Many a one have I found who stretched and inflated himself, and the people cried: ‘Behold; a great man!’ But what good do all bellows do! The wind cometh out at last.
At last bursteth the frog which hath inflated itself too long: then cometh out the wind. To prick a swollen one in the belly, I call good pastime. Hear that, ye boys!
Our to-day is of the populace: who still KNOWETH what is great and what is small! Who could there seek successfully for greatness! A fool only: it succeedeth with fools.

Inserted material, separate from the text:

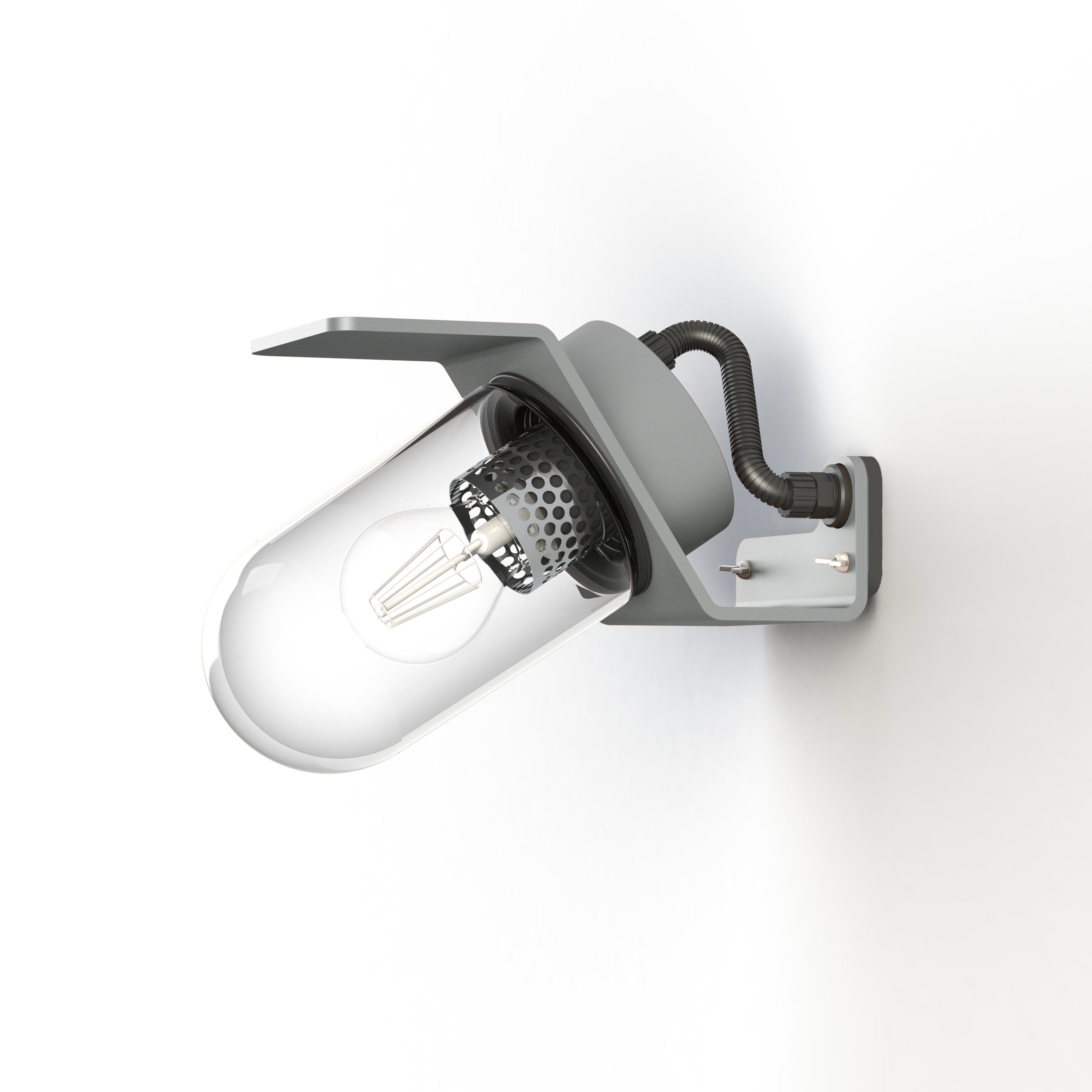 Applique SHERLOCK en aluminium, E27, IP65, class 3, diffuseur verre clair. Teinte RAL 7044 Gris soie 105. Garantie 25 ans anticorrosion sur l'aluminium

Thou seekest for great men, thou strange fool? Who TAUGHT that to thee? Is to-day the time for it? Oh, thou bad seeker, why dost thou—tempt me?”—
Thus spake Zarathustra, comforted in his heart, and went laughing on his way.
LXVI. OUT OF SERVICE.
Not long, however, after Zarathustra had freed himself from the magician, he again saw a person sitting beside the path which he followed, namely a tall, black man, with a haggard, pale countenance: THIS MAN grieved him exceedingly. “Alas,” said he to his heart, “there sitteth disguised affliction; methinketh he is of the type of the priests: what do THEY want in my domain?
What! Hardly have I escaped from that magician, and must another necromancer again run across my path,—
—Some sorcerer with laying-on-of-hands, some sombre wonder-worker by the grace of God, some anointed world-maligner, whom, may the devil take!